Are there particular areas within those verticals you will be focusing on?

Capri: In state and local, we're focused on critical infrastructure, where a client would have legacy systems with a desire to modernize and create more agility for the interface to engage with the citizens. Things like unemployment, tax collections, criminal justice or DMV. The types of systems we have expertise around on the legacy side -- mainframes, midrange, large distributed environments -- those are the types of systems that the current apps run on. Our vision and our strategy is to talk to the clients about not just running them in a fashion that is highly available and as cost-effective as possible, but enabling them to modernize those applications, over time, to make them more relevant for the citizens.

Clients' cloud strategies

There's been lots of discussion around harnessing the cloud as part of a move to digital business and really starting to harness some of the cloud-native services, whether it's machine learning and AI or IoT services. Where do your clients stand? Are they pushing beyond the basics of cloud at this point? Or are they just getting their heads around moving to the cloud and what that means for their organizations?

Capri: Almost every answer in IT is, 'It depends.' We have some clients that are early adopters that are way out there. They're pushing us. They sit on our client advisory board. We have about 15 clients that come together with us on a quarterly basis to help advise our strategy. But then we also have clients that are the opposite of that, just dipping their toe in the water with the use of cloud. For us, it's about helping the client where they are on their journey and helping make sure they execute on their business strategy.

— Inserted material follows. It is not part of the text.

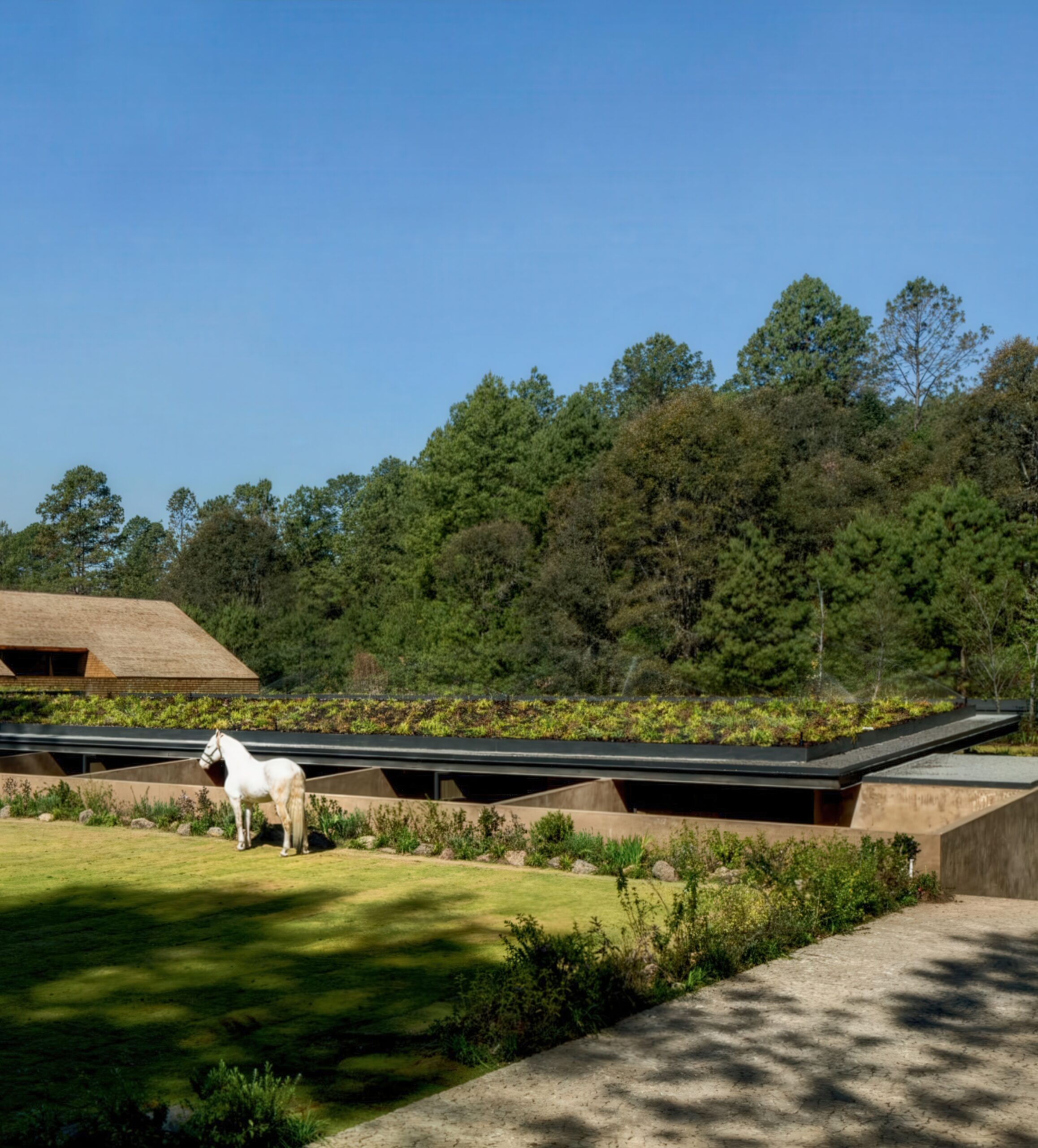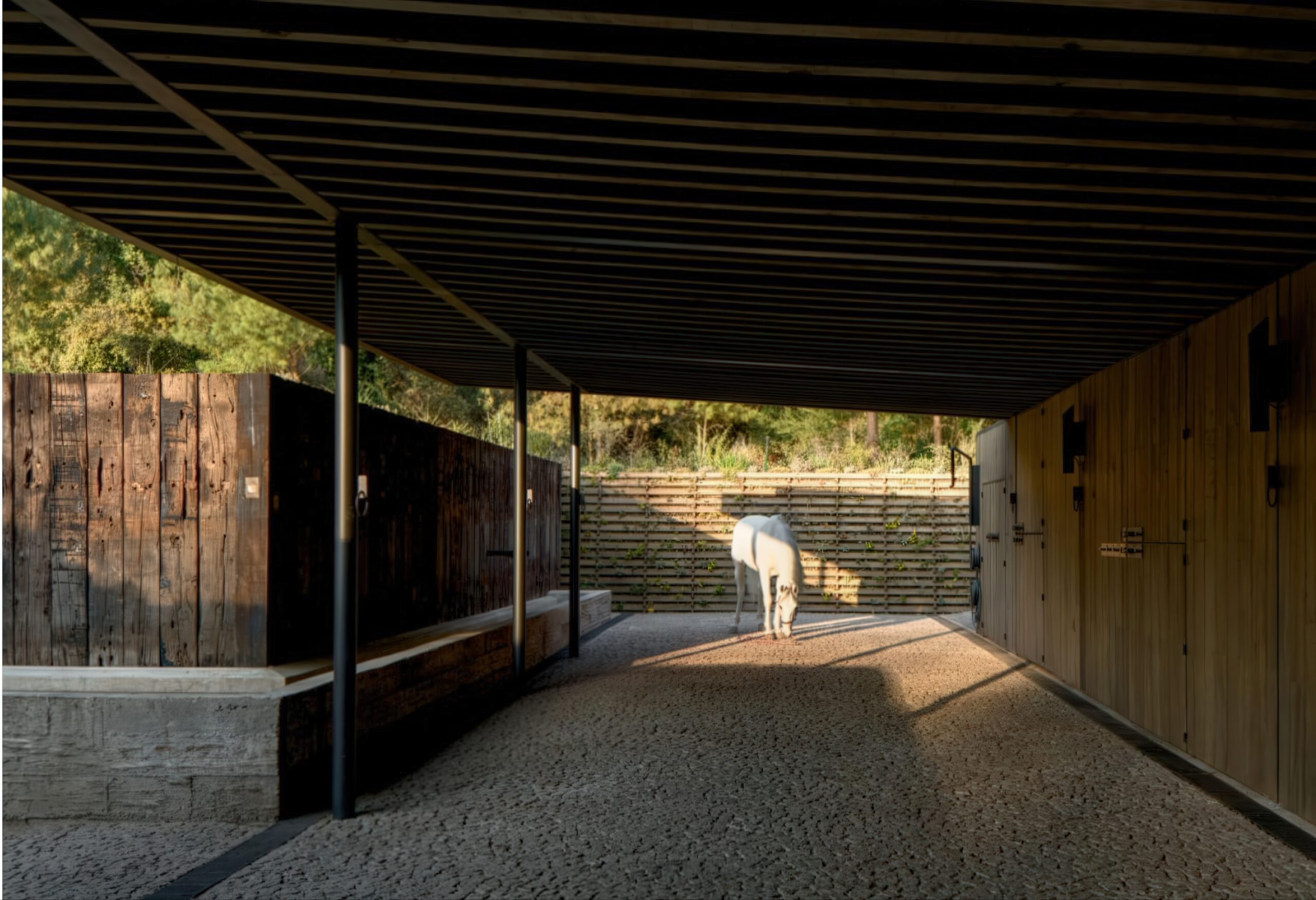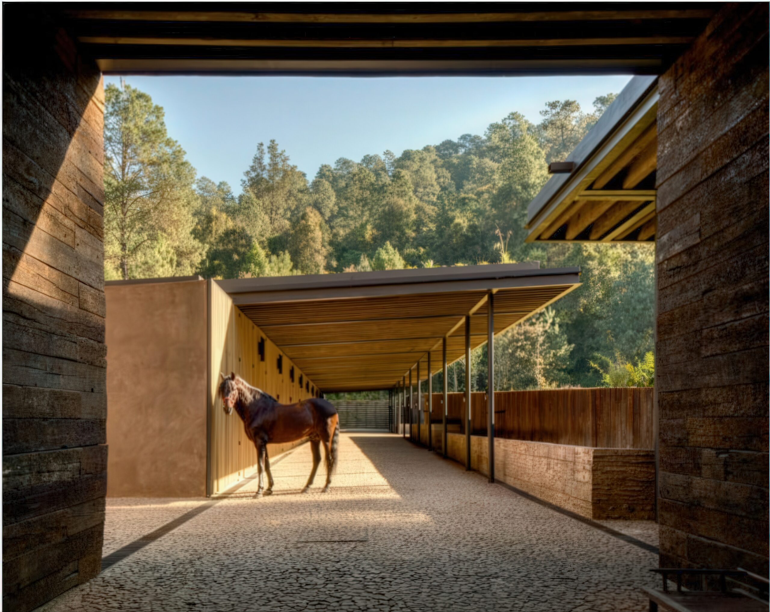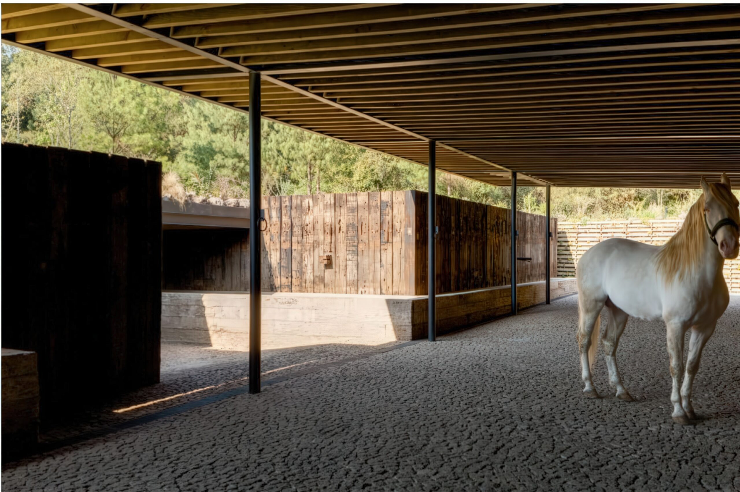 马术项目 Equestrian Project | 曼努埃尔·塞万提斯|Manuel Cervantes 曼努埃尔·塞万提斯|Manuel Cervantes • 2025-12-08 上午12:50 • 公共建筑设计, 建筑师, 建筑设计, 文化建筑设计 马术项目位于葡萄牙埃武拉,由曼努埃尔·塞万提斯设计,是一座融合住宅与马厩功能的建筑。项目巧妙利用缓坡地形,通过土方工程将马厩嵌入地形,保留山体植被视野。设计采用重复裸露木结构,营造温馨氛围,实现人与马匹亲密共处的空间体验。 设计: 曼努埃尔·塞万提斯|Manuel Cervantes 类型: 文化建筑设计 功能: 独立住宅 风格: 当代建筑 材料: 混凝土 木材 石材 金属板 尺度: 小型建筑 地点:葡萄牙 时间: 2015年 项目简介 马术项目位于葡萄牙埃武拉,是一座集住宅与马厩功能于一体的建筑。项目通过巧妙的地形处理,将建筑融入森林空地,最小化环境影响。 设计理念 设计核心是实现人与马匹的亲密共处。建筑师通过地形操作,将马厩锚固在缓坡上,保持山体植被视野的同时,通过重复裸露结构创造独特的空间氛围。 空间与功能 空间组织采用正负形体游戏,住宅与马厩通过共享路径连接。缓坡坡道引导人流,让人在漫步中逐步发现建筑。所有空间都渗透着森林、植被、空气和自然光线。 材料与技术 采用木材和金属元素构成主要结构,裸露的重复框架创造建筑真实性。使用陶瓷瓦屋顶、混凝土外墙和石材饰面,配合热绝缘和防水层,实现结构简洁与功能完善。 设计团队 曼努埃尔·塞万提斯建筑事务所专注于住宅和公共建筑,以对地形、材料和光线的敏感处理著称,善于创造与环境对话的建筑作品。 项目简介 马术项目位于葡萄牙埃武拉,是一座集住宅与马厩功能于一体的建筑。项目通过巧妙的地形处理,将建筑融入森林空地,最小化环境影响。 设计理念 设计核心是实现人与马匹的亲密共处。建筑师通过地形操作,将马厩锚固在缓坡上,保持山体植被视野的同时,通过重复裸露结构创造独特的空间氛围。 空间与功能 空间组织采用正负形体游戏,住宅与马厩通过共享路径连接。缓坡坡道引导人流,让人在漫步中逐步发现建筑。所有空间都渗透着森林、植被、空气和自然光线。 材料与技术 采用木材和金属元素构成主要结构,裸露的重复框架创造建筑真实性。使用陶瓷瓦屋顶、混凝土外墙和石材饰面,配合热绝缘和防水层,实现结构简洁与功能完善。 设计团队 曼努埃尔·塞万提斯建筑事务所专注于住宅和公共建筑,以对地形、材料和光线的敏感处理著称,善于创造与环境对话的建筑作品。 本文来自 © 曼努埃尔·塞万提斯|Manuel Cervantes, 发布于 © 建筑学院官方网站。 未经授权,禁止转载或摘编。 编辑版本版权归 © 建筑学院官方网站 所有, 设计、图纸及照片版权归设计方 © 曼努埃尔·塞万提斯|Manuel Cervantes ↗ 所有。 查看作者在建筑学院发布的更多作品: 曼努埃尔·塞万提斯|Manuel Cervantes @ 建筑学院官方网站 住宅马厩综合体埃武拉建筑曼努埃尔·塞万提斯木结构建筑马术项目 曼努埃尔·塞万提斯|Manuel Cervantes事务所 & 设计师 下载原图 收藏 0 关于作者 曼努埃尔·塞万提斯|Manuel Cervantes事务所 & 设计师 关注私信 19 文章 0 评论 0 粉丝 曼努埃尔·塞万提斯是墨西哥极具影响力的新生代建筑师。他的事务所以对材料、光线与构造的深刻理解和娴熟运用而闻名,尤其擅长运用夯土、木材和混凝土等本土材料,创造出与场地和环境紧密相连的现代建筑。其作品涵盖住宅、文化及商业项目,展现了简洁、宁静而富有 tactile 质感的设计美学。 巴西贝萨雷斯保护区两座房子 | 曼努埃尔·塞万提斯|Manuel Cervantes 上一篇 2025-12-07 下午5:00 铜屋II Copper House II | 孟买工作室(Studio Mumbai)|Studio Mumbai 下一篇 2025-12-08 上午8:50 猜你喜欢 玫瑰渡口运输交换点 El Rosario Transport Interchange | 曼努埃尔·塞万提斯|Manuel Cervantes 2025-12-10 公共建筑设计 迪森尼斯修道院农场 / Disentis Monastery Farm | 吉翁·A·卡米纳达|Gion A. Caminada 2天前 公共空间设计 阿瓦纳达罗之家 Avándaro House | 曼努埃尔·塞万提斯|Manuel Cervantes 2026-01-03 住宅建筑设计 阿马特佩克的房子 House in Amatepec | 曼努埃尔·塞万提斯|Manuel Cervantes 2025-12-04 公共建筑设计 Obernau村酒店 / Guesthouse in Obernau | 吉翁·A·卡米纳达|Gion A. Caminada 4天前 商业与综合建筑 多内塞尔大厦 Donceles Building | 曼努埃尔·塞万提斯|Manuel Cervantes 2025-12-09 公共建筑设计 发表回复 请登录后评论...登录后才能评论 提交

Really, what we are seeing is clients, in some cases, are perfectly capable and perfectly satisfied with running their most critical applications on legacy platforms like mainframes. But others are in industries that are changing rapidly. If you use state and local as an example, when you go to the DMV, do you want to stand in a line and fill out paperwork? I don't. We are talking to those clients: 'OK, how do we write new applications that would make your DMV experience, or your pay-your-real-estate-taxes experience, engage on a mobile device?' Those applications that we help [clients] write and take advantage of machine learning or some of the advanced capabilities -- that all interconnects back to potentially a mainframe or potentially some dedicated infrastructure. We help them take advantage of the modern services in the right context for their business.